Segment Start: Materials provided

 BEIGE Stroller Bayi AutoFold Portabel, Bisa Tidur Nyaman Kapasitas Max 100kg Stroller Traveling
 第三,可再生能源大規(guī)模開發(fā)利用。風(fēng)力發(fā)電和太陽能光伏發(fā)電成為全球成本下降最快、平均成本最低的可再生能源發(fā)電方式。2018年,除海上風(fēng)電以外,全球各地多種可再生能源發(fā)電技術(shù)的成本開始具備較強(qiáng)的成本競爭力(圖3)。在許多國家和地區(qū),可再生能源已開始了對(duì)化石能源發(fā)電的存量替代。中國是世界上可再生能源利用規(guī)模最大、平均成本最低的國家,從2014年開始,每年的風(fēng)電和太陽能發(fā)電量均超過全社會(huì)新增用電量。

Segment End: Materials provided
Segment Start: Materials provided

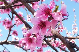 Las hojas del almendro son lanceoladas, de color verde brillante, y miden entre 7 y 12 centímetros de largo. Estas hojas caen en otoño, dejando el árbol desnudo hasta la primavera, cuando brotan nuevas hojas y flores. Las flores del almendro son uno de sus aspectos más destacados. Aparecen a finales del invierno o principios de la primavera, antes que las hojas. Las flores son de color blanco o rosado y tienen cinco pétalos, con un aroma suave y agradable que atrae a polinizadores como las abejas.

Segment End: Materials provided

— Problem requirements —
For the lines above, output exactly those from the line containing "BEIGE Stroller Bayi" through the line containing "第三,可再生能源大規(guī", and skip the others.

— Completed exercise —
 BEIGE Stroller Bayi AutoFold Portabel, Bisa Tidur Nyaman Kapasitas Max 100kg Stroller Traveling
 第三,可再生能源大規(guī)模開發(fā)利用。風(fēng)力發(fā)電和太陽能光伏發(fā)電成為全球成本下降最快、平均成本最低的可再生能源發(fā)電方式。2018年,除海上風(fēng)電以外,全球各地多種可再生能源發(fā)電技術(shù)的成本開始具備較強(qiáng)的成本競爭力(圖3)。在許多國家和地區(qū),可再生能源已開始了對(duì)化石能源發(fā)電的存量替代。中國是世界上可再生能源利用規(guī)模最大、平均成本最低的國家,從2014年開始,每年的風(fēng)電和太陽能發(fā)電量均超過全社會(huì)新增用電量。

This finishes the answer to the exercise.